Transcribing Phone Calls in Real-time with Twilio and Vosk

This week I published a tutorial on the Twilio blog showing how you can transcribe phone calls in real-time in ASP.NET Core, using an open-source speech recognition engine called Vosk.

It was a really fun project to put together, and allowed me to make use of NAudio to convert the incoming mu-law audio into linear PCM resampled to 16kHz. I kept the audio signal chain description fairly succinct in the article, but for those interested in a slightly longer explanation, here's a bit more detail of how I created the AudioConverter class.

It was a little bit of an unconventional signal path for NAudio, as we needed to receive audio in a byte[] and get it out as a short[], but to do the resampling, needed to go to to floating point (as resampling involves the need to do some filtering).

The signal chain I came up with started with a BufferedWaveProvider because that allows us to put blocks of samples in as they arrive, and then uses ToSampleProvider to convert into an NAudio ISampleProvider which uses floating point samples. This means it can be passed into the WdlResamplingSampleProvider which I chose because it is a fully managed implementation so it can be used cross-platform.

But then we needed to get back to 16 bit samples, and I did that with the ToWaveProvider extension method to get us back to an IWaveProvider and then wrapped that in a WaveFloatTo16Provider. We still weren't done, as IWaveProvider writes into a byte[], and we wanted a short[] array. Fortunately NAudio has the extremely helpful WaveBuffer utility which allows us to effectively do a "reinterpret" cast between arrays of different types.

Here's the constructor for the AudioConverter (which we create for each call we want to transcribe). This sets up the signal chain I just described.

private readonly BufferedWaveProvider bufferedWaveProvider;
private readonly IWaveProvider outputProvider;
private readonly byte[] outputBuffer;
private readonly WaveBuffer outputWaveBuffer;
public AudioConverter()
{
    bufferedWaveProvider = new BufferedWaveProvider(new WaveFormat(8000, 1));
    var resampler = new WdlResamplingSampleProvider(
        bufferedWaveProvider.ToSampleProvider(), 16000);
    outputProvider = new WaveFloatTo16Provider(resampler.ToWaveProvider());
    outputBuffer = new byte[16000*2]; // one second of audio should be plenty
    outputWaveBuffer = new WaveBuffer(outputBuffer);
}

With this signal chain in place, every time a buffer of audio comes in, we first use the MuLawDecoder to convert from mu-law to linear 16 bit PCM. And then put the block of samples into the front of our signal chain with the AddSamples method on the BufferedWaveProvider.

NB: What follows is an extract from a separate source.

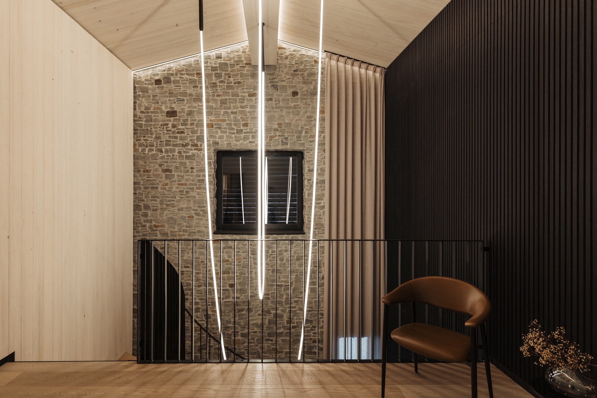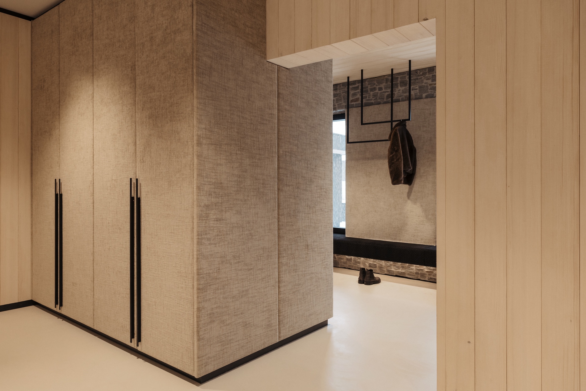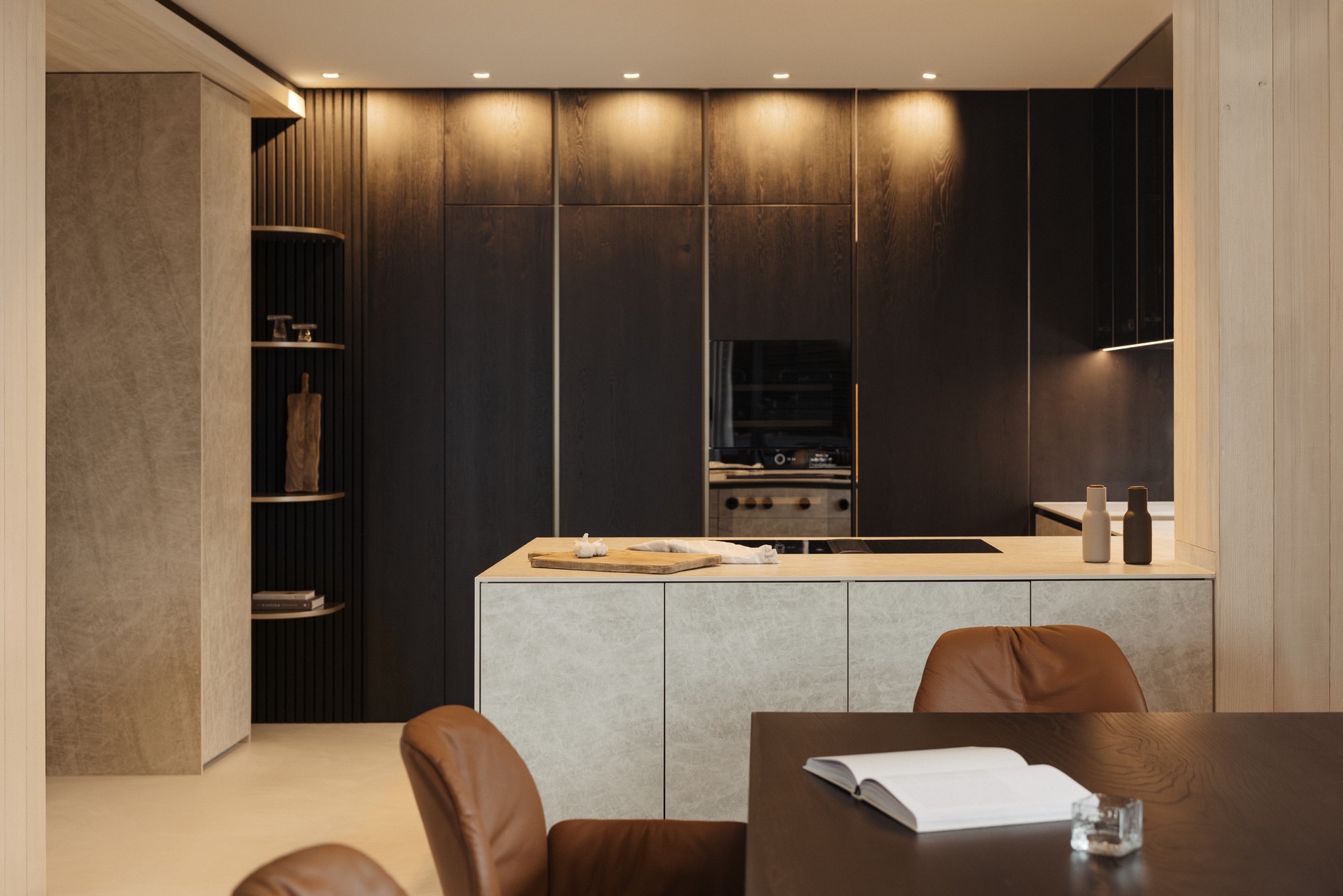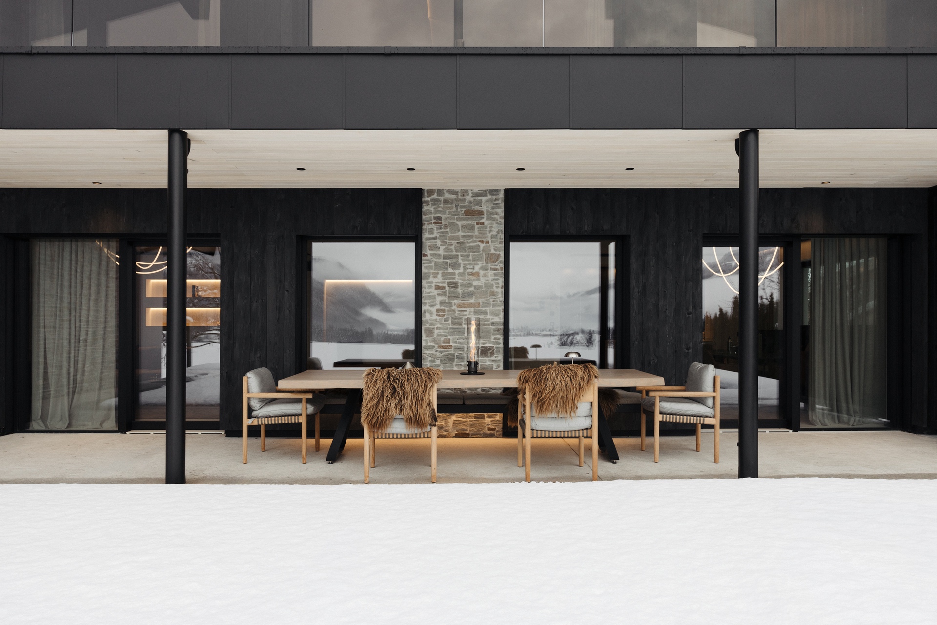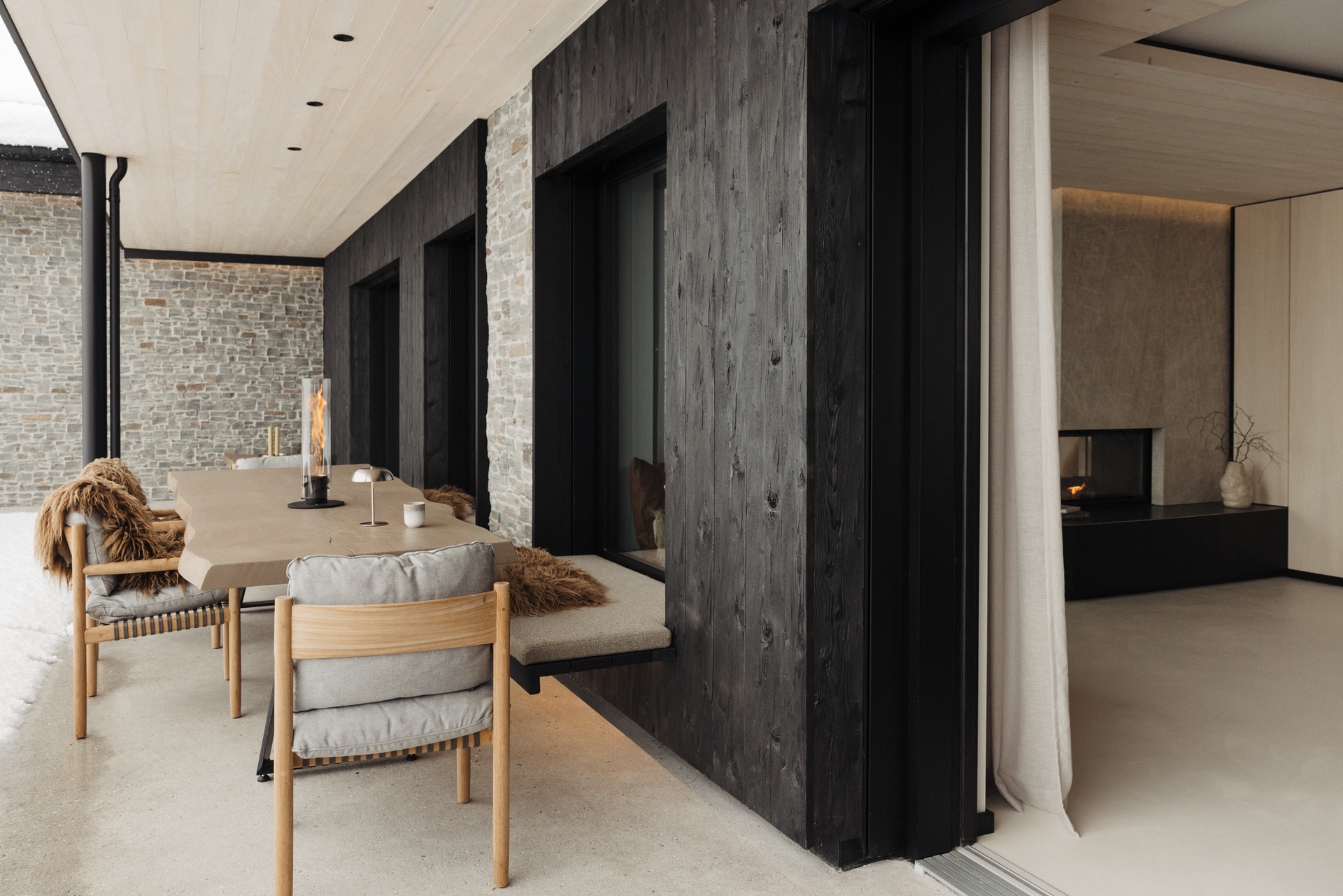 Eingebettet in die alpine Landschaft verbindet dieses Einfamilienhaus traditionelle Materialien mit zeitloser Architektur. Das von uns umgesetzte Innen- und Außendesign wird durch eine gehackte schwarze Holzfassade und eine handgemauerte Steinfassade mit organischer Fügung geprägt. Auch die komplette Innenarchitektur stammt von Stilhauer-Design und zeichnet sich durch weiß lasierte Weißtanne, Taj-Mahal-Stein in Küche und Hochschränken sowie durchgängige Bodenflächen in natürlicher Zementspachtelung aus. Warme Konjak-Töne in Leder- und handgewebten Stoffen schaffen eine behagliche, elegante Atmosphäre. Sämtliche Materialien und Oberflächen wurden in enger Abstimmung mit der Bauherrschaft sorgfältig bemustert und ausgewählt.

Then, because I am upsampling from 8kHz to 16kHz I know that for every sample that goes in, I will expect two samples out, so we just read that number of samples out the end of our signal chain, and take advantage of the WaveBuffer to return the data as a short[] which is what Vosk is expecting.

Here's the ConvertBuffer method which converts each incoming block of audio from the Twilio media streams API.

public (short[],int) ConvertBuffer(byte[] input)
{
    var samples = input.Length;

    // ulaw 8000 bitrate to Linear 8kHz bitrate
    for (int i = 0; i < input.Length; i++)
    {
        outputWaveBuffer.ShortBuffer[i] = 
            MuLawDecoder.MuLawToLinearSample(input[i]);
    }

    bufferedWaveProvider.AddSamples(outputWaveBuffer.ByteBuffer, 0, samples*2);
    var convertedBytes = samples * 4; // to PCM and to 16kHz
    var outRead = outputProvider.Read(outputBuffer, 0, convertedBytes);
    return (outputWaveBuffer.ShortBuffer, outRead / 2);
}

I didn't do loads of extensive testing, but I was impressed with the accuracy of the transcription from the smallest Vosk model. And it was very straightforward to configure Twilio to call a webhook for each incoming phonecall, allowing us to subscribe to the audio stream.

The source code for the entire project is available here on GitHub and of course check out the blog post for a detailed explanation of how it all works.